Why can’t we apply hybrid power tech to mobile devices?

Hybrid_screenFULL DISCLOSURE: I have no technical background in how rechargeable batteries or hybrid auto technology works. Y’all are smarter than me, so I’m hoping you can set me straight!

I had a thought about mobile tech while driving my hybrid auto. We bought a 2006 Toyota Highlander Hybrid last summer and we’re loving it. Having the 288V battery recharge as we coast, go downhill or brake is simply amazing; plus you can watch it all happen on the 7-inch touchscreen. My thought was: how can we apply this tech to mobile devices since one of the most limiting factors is power capacity?

The basic regeneration of power in hybrid vehicle comes from a mechanism attached to the wheels. As the wheels turn, they generate power that’s captured and returned to the second battery; my guess is that this is classified as kinetic energy. The primary battery is a standard car battery just like non-hybrids have; it’s the monster 288V battery under the back seat that gets recharged.

We’ve essentially got a "wheel" in today’s mobile devices; that hard drive spins like a banshee 95% of the time, right? Today we power the hard drive and other components with a standard battery, but what if we added a secondary battery? Could the first battery spin the hard drive so that we could recapture some of that energy to a second battery?

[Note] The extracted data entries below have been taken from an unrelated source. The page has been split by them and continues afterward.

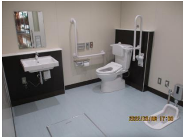
⑤多目的トイレ（避難所として 使うため和式もあります）
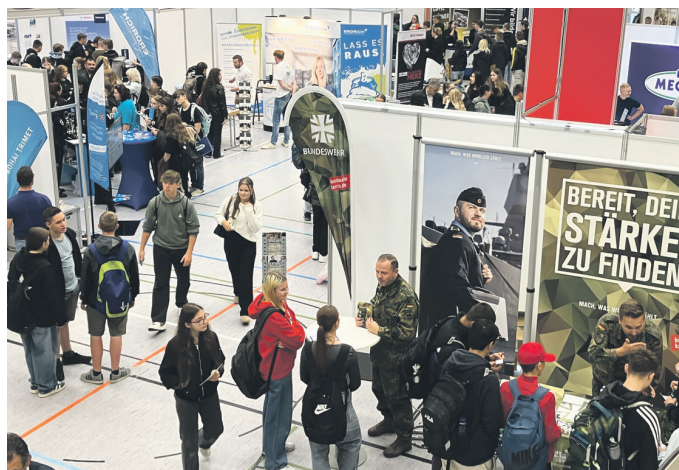
Mehr als 60 Aussteller warben in der Unstruthalle um junge Nachwuchskräfte, u.a. auch zahlreiche Landesbehörden oder die Bundeswehr.

Emsiges Treiben herrschte am 26. September in der Unstruthalle in Sömmerda: Landkreis und Stadt hatten zur jährlichen Ausbildungsmesse eingeladen und zahlreiche Schulen der Region waren dem Aufruf gefolgt. Bereits zur offiziellen Eröffnung gegen 9.00 Uhr war der Andrang bei den Ausstellern groß.
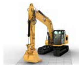
BARRIÈRE ÉLECTRONIQUE SOL
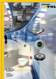
Eclairages à LED
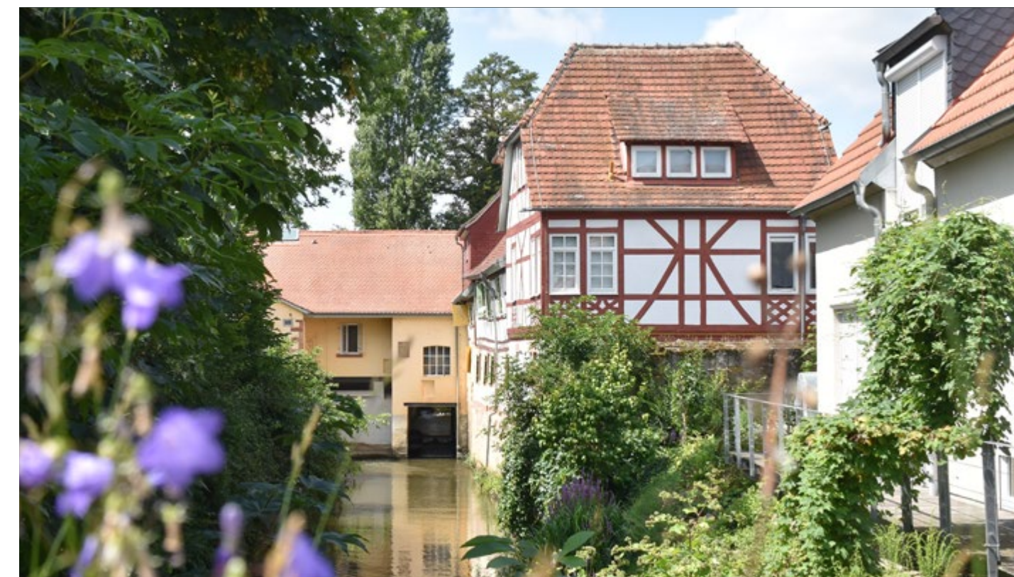
Seite 13: Familienglück in Babenhausen

I’m sure there are a hundred technical reasons we can’t do this and I’m expecting those of you brighter than me to tell me what they are. I’ll consider this a learning experience, really. Still, somthing’s nagging at me here that there must be some way to apply this train of thought. I realize that the components needed for this might be larger than the space we have to work with, but it’s only a matter of time before that constraint disappears. I say: let’s make the hard drive a "power pass-through" to net another hour of so of device usage through a secondary battery…thoughts?